In Life, Math does not live in a separate house from Language or Science or Art. They interact with each other, depend on each other, are richer because of each other. That’s what makes the kind of learning you see in this latest video so powerful. Shortly after The World of Work chapter came out, I got a phone call from my friend John Lamb, also a retired teacher. He had been looking over lesson plans for projects he had done over the years– projects, like those we saw at Mission Hill, that brought children in contact with adults in their community, or allowed them to accomplish something tangible. We didn’t call these experiences Project Based Learning when we started teaching, but they fit that moniker.
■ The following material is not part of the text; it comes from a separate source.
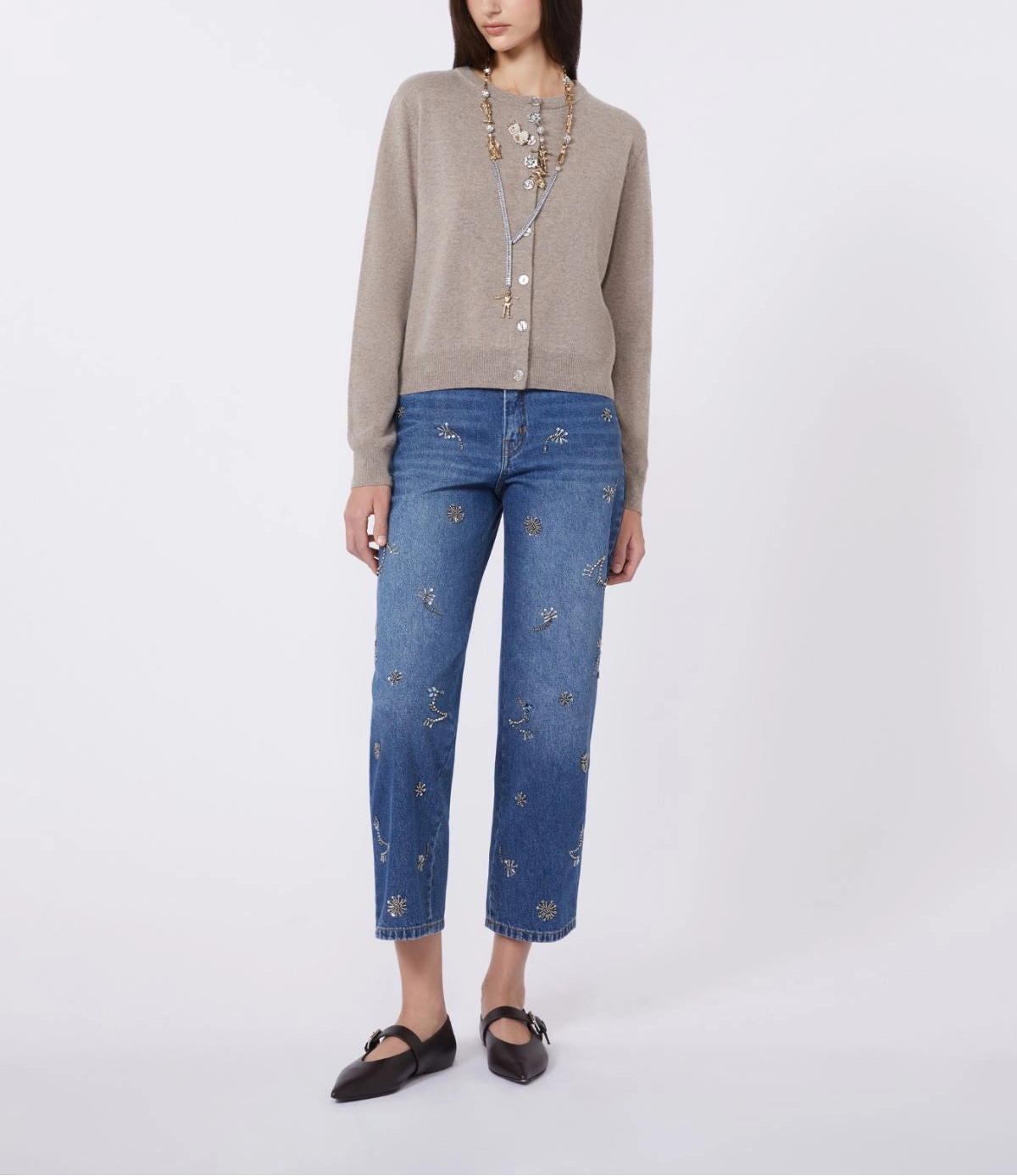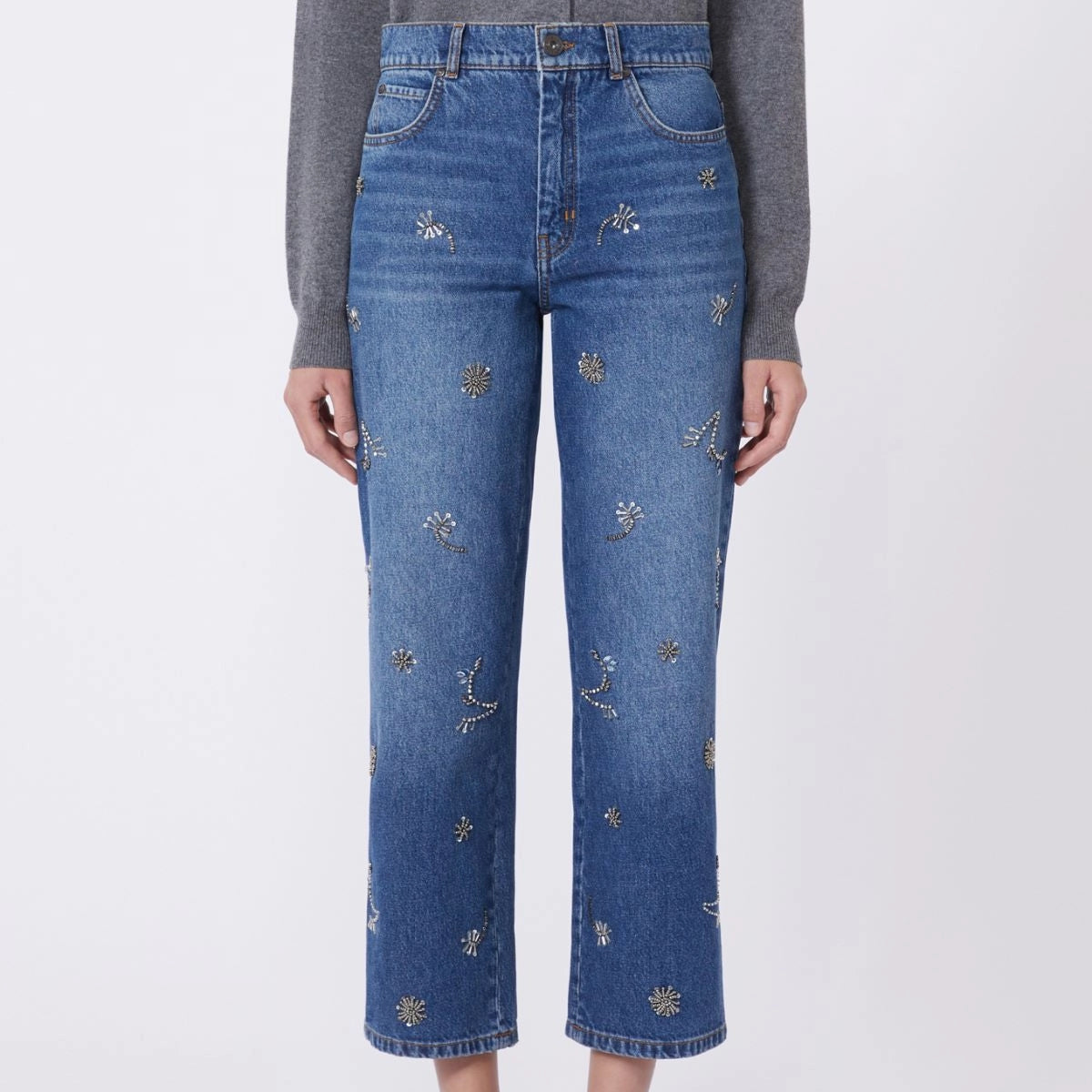 Calça 100% algodão | Calça jeans de 5 bolsos com detalhe bordado na frente. Tecido principal em fibras de algodão, cultivadas e processadas segundo sistemas de agricultura orgânica. Calça jeans em denim 100% algodão. Corte reto. Fecho com zíper e botão de pressão metálico. Rebites metálicos e passadores de cinto na cintura. Etiqueta com logo de borboleta no bolso traseiro. Etiqueta com logo na parte de trás da cintura.

The idea is and was that the whole is greater than the sum of its parts.

Off the top of my head here are some of the projects Open Classroom students participated in over the years:

  • Wrote detailed guides to our local birds, and to our county’s history
  • Built bridges that they could stand on out of a variety of materials and rafts that could hold them for at least a short period of time before sinking
  • Created a geodesic dome large enough for the whole class to get inside of (it was tight)
  • Created a video and a book from interviews with people in our community who had lived here more than 40 years
  • Planted erosion control materials on local farms
  • Raised trout and released them
  • Gleaned strawberries after the farmer had harvested the main crop, and made jam
  • Made bread from wheat we had grown and ground
  • Dug clay from a riverbed, refined it and used it to make ceramics and to build a bread oven
  • Re-enacted the gold rush, the arrival of Aleuts and Russians to Northern CA, life in the Missions, the Great Depression, Ancient Egypt
  • Prepared for and spent a day and a night on a Tall Ship, living as the crew would have lived
  • Wrote and performed and created costumes and sets for many elaborate original musical plays
  • Cultivated worms
  • Ran a farm stand at the local farmers market
  • Designed a playground
  • Designed and built a chicken coop, incubated chicks, and kept track of egg sales
  • Published newspapers and books
  • Ran classroom stores
  • Dug a fish pond
  • Created an elaborate model train world
  • Took wool from sheepskin to finished yarn that they dyed themselves with local plants
  • Helped in the building of a replica of a Miwok Indian village in our local national park, using traditional methods
  • Documented rare and endangered plants in an area scheduled for housing construction, and wrote to county supervisors about their environmental concerns
  • Brought ideas for ways we could help people in need both around us and in other parts of the word, and researched the issues that cause the need.
  • Became experts on endangered coho salmon
  • Built a sweat lodge with the help of a Native American elder

I know I’m leaving out many others…Would anyone be able to condense the learning that came from these into a few multiple choice questions?  Yet there is no doubt in my mind that the learning that came from these experiences took my students in depth into every subject that those tests are supposed to measure.